The discovery of antibiotics revolutionized medicine and gave millions of people the opportunity to access lives of longer and higher quality, fighting infections and diseases that killed regularly in extraordinary quantities.However, we have become accustomed to them and finding new antibiotics has proved a great challenge.
The challenge of finding new antibiotics in this modern era
Almost 90 years ago, the Scottish physician Alexander Fleming returned on vacation and was surprised to find Penicillium in Petri dishes he had left in his laboratory, located in the basement of St.Mary's Hospital in London.
For the 1950s, which is considered the golden age of the discovery of antibiotics, a series of new medicines had been found , for the collective benefit of mankind.
Now, nowadays, scientists are looking for new and more impressive advances, testing or microbes in sources as diverse as soil, caves and Komodo dragon blood , as well as developing new synthetic drugs made in the laboratory.
However, despite these remarkable advances , we are running out of effective antibiotics , the drugs that fight infection and are essential for the vast majority of medical procedures, from organ transplantation to the treatment of food poisoning.
Deadly penicillin-resistant bacteria, or more than 100 different antibiotics since they developed, are already killing 700,000 people each year. If nothing is done, the global toll could increase to 10 million per year by 2050.
Faced with this very serious and imminent problem, why has it been so difficult to find the new antibiotics that we need so much in this era of incredible efforts and medical and scientific advances s?

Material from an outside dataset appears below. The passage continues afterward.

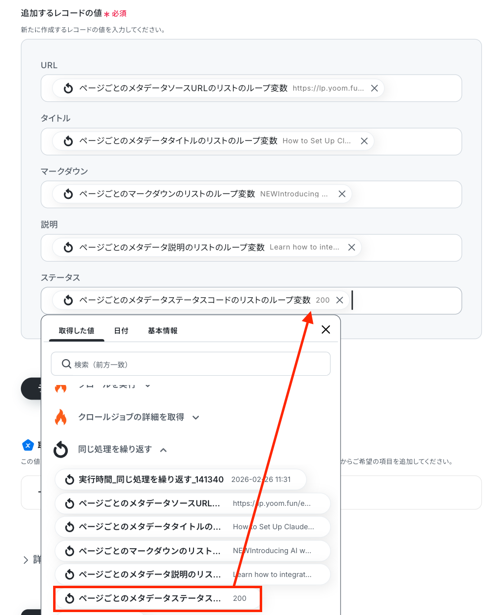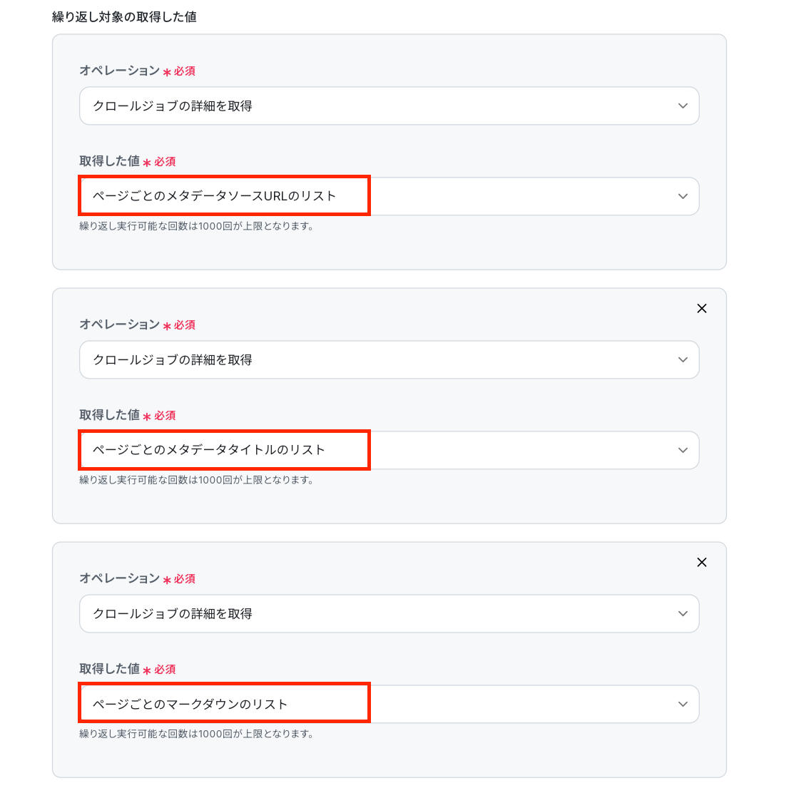 各項目には、繰り返し処理のオペレーションで取得した値を引用して設定してください。

This is partly due to the scientific challenge and partly in the broken economy of research and development work .
Even Fleming went through a long period of research and collaboration before the 1940s, penicillin became the first antibiotic in the world .

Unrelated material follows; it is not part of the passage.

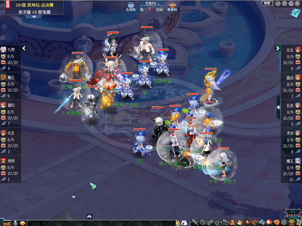 比赛45回合,夫子庙再度靠着凌波城、魔王寨的面伤打出优势。由于珍宝阁一方的药品已经消耗殆尽,并不存在任何翻盘点,只能遗憾止步八强。
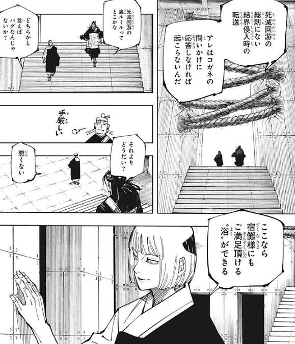 羂索はこれを死滅回游の裏ルールと表現しますが、裏梅は、どちらかと言えばバグなんじゃないか?と、手厳しいです。裏梅は羂索に案内された場所を見て、ここなら宿儺様にも満足頂ける“浴”ができる、と満足気です。裏梅が言っている“浴”がどんなものか不明ですが、この場所は真希と父親の扇が戦った忌庫のように見えます。

And Fleming himself warned from the first days that bacteria could become resistant to these new medicines.
All microorganisms evolve and those that develop defenses against antibiotics survive, while the defenseless die.The more antibiotics we use, faster the process of resistance development of bacteria becomes.
The result of misuse and excessive use of antibiotics, in health hum ana and animal, is a continuous race to stay ahead of the superbacteria .The long process that a substance must meet before being approved for human consumption, proposes a time constraint that represents a disadvantage in this career.
On the other hand, the economic factor comes into play.Antibiotics are not only complex to develop, the most innovative new products cannot be sold freely either.
Instead, they should be reserved for serious cases, such as colistin, the "drug of last resort" and this does not represent an attractive investment opportunity .Therefore, in the last 30 years pharmaceutical companies have significantly decreased their work by developing new antibacterial therapies and as a result have invented new classes of antibiotics for decades.
What do you think? Do you know this situation?